One of the principle methods that help to limit the spread of HIV is the use of condoms. It is also one of the best-known pieces of information in relation HIV and AIDS. So the question of lack of knowledge of the importance of condoms cannot be a problem in the implementation of this safer sexual practice, although knowledge on how to use them may not be as generalised. The problem is that many people are still not using condoms in potentially risky situations. In trying to change this behaviour, it is necessary to develop a deeper understanding of how people make such decisions.

This approach draws on material covered in many old discussions, such as why people do not stop smoking, or why racist patterns of behaviour are difficult to change. Theories developed in these and other contexts can be useful in understanding the hidden processes and blocks affecting condom usage. This paper will draw on those theoretical approaches which have relevance to the subject from the discipline of psychology. Two sets of theories are identified for discussion.

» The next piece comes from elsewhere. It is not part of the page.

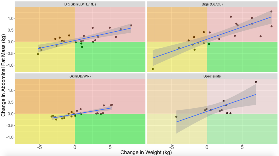 More importantly, though, we see in figure 3 a sharp increase in visceral fat at this same threshold. Visceral fat is the fat that surrounds our organs and is associated with metabolic complications. Visceral fat storage suggests that the body has met the storage capacity limits of subcutaneous storage sites. These changes are observed during a playing season as well. Figure 4 shows the relationship between change in weight and change in abdominal fat storage in football players measured before and after a competitive season. Understanding these relationships can improve both athlete health and performance as increases in abdominal fat have been associated with increased injury risk and decreased performance.

The first is broadly termed “Lay Theory” and examines how lay people develop theories for themselves about the world, and how these theories assist them to make sense of the world around them (Furnham, 1988). The second theory is Planned Behaviour (Ajzen, 1988), a development on the Theory of Reasoned Action (Fishbein and Ajzen, 1975). These fall more into a cognitive behavioural framework and are centrally based on the construct of individual attitudes. The key objective is to outline the importance of the application of theory to a context.